To do a traditional bench press, lie flat on your back on a bench. At the top of the weight bench there is a rack that holds your barbell. A bench press can be done with various amounts of weights, but the amount on each end should be the same. To begin, your spotter lifts the barbell and helps you grasp it comfortably in each hand. Once your hands are placed comfortably, lower the barbell to the middle of your chest, exhale and slowly raise the bar over your chest and chin. Lower and repeat. At then end of your set, your spotter removes the barbell from your hands and places it back on the rack.

Recommended Exercises

A bench press involves several different muscle groups, including your arms, chest, shoulders and abdomen. Focus on each of these muscle groups to help build the stabilizer muscle groups necessary to improve your bench-press performance. Stoppani reports that using dumbbells will help strengthen your stabilizer muscles. Do biceps and triceps curls with dumbbells to help build the stabilizer muscles in your arms. Dumbbell presses, lifts and rows will help strengthen the stabilizer muscles in your chest and shoulders. Sit on a balance ball to do curls and lifts with the dumbbells to also give your core muscles an effective workout.

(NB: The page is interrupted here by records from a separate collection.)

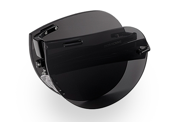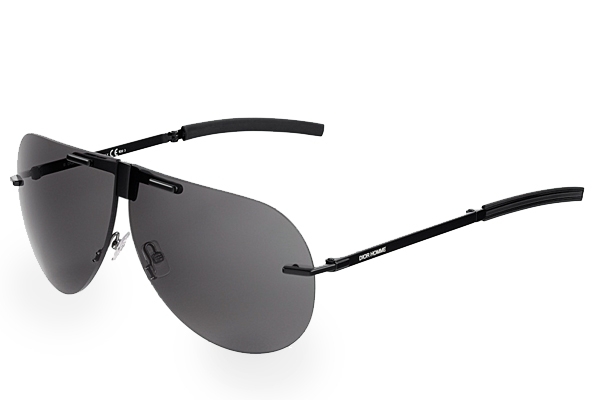 نظارات رجالية سوداء بتصميم خاص وعملي يسمح بطيّها، وهي خفيفة الوزن وتتميّز بحماية مئة في المئة من الأشعّة ما فوق البنفسجية UVA & UVB، من Dior Homme. أكسسوار رجالي أنيق وضروري للربيع والصيف.
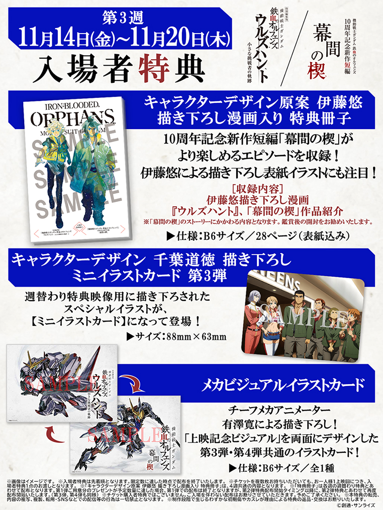 特別編集版『機動戦士ガンダム 鉄血のオルフェンズ ウルズハント -小さな挑戦者の軌跡-』/『機動戦士ガンダム 鉄血のオルフェンズ』10周年記念新作短編「幕間の楔」では、TVシリーズのキャラクター達が登場する「映画館」をテーマにした特典映像が、本編上映前に週替わりで上映されます。
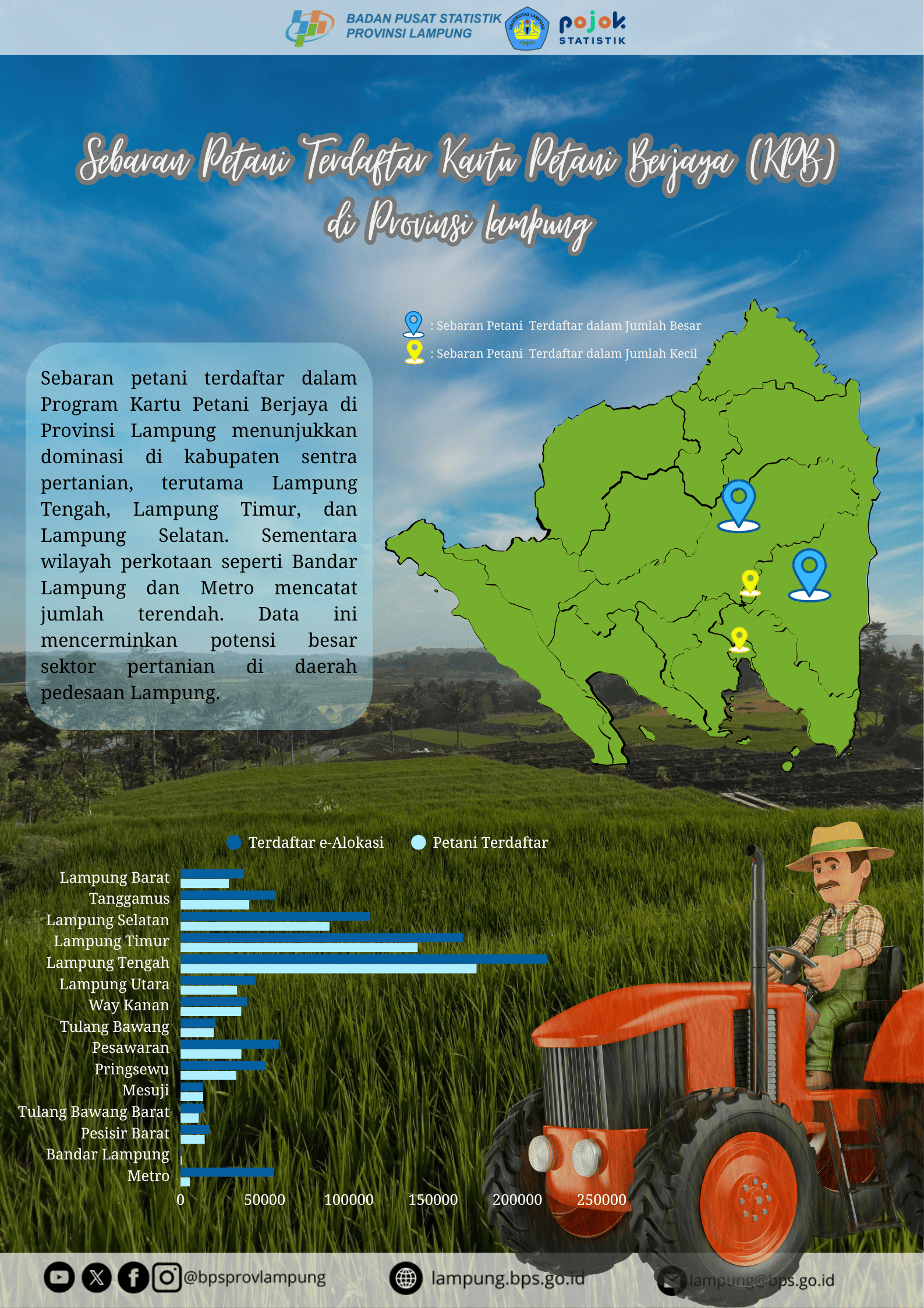 Sebaran petani terdaftar dalam Program Kartu Petani Berjaya di Provinsi Lampung menunjukkan dominasi di kabupaten sentra pertanian, terutama Lampung Tengah, Lampung Timur, dan Lampung Selatan....

Do not do a bench press without a spotter. Because the barbell is often heavy, the risk of dropping it on your chest increases without a spotter. Do not lift your back off the bench as your lower and lift the barbell. This might result in injury and won't provide you with an effective workout. Gradually add more weight when you bench press to help prevent injury. Don't set a goal for how much you would like to bench press and add that much weight to begin. It might take weeks or months to reach your goal, but working on your stabilizer muscles will help speed the process along.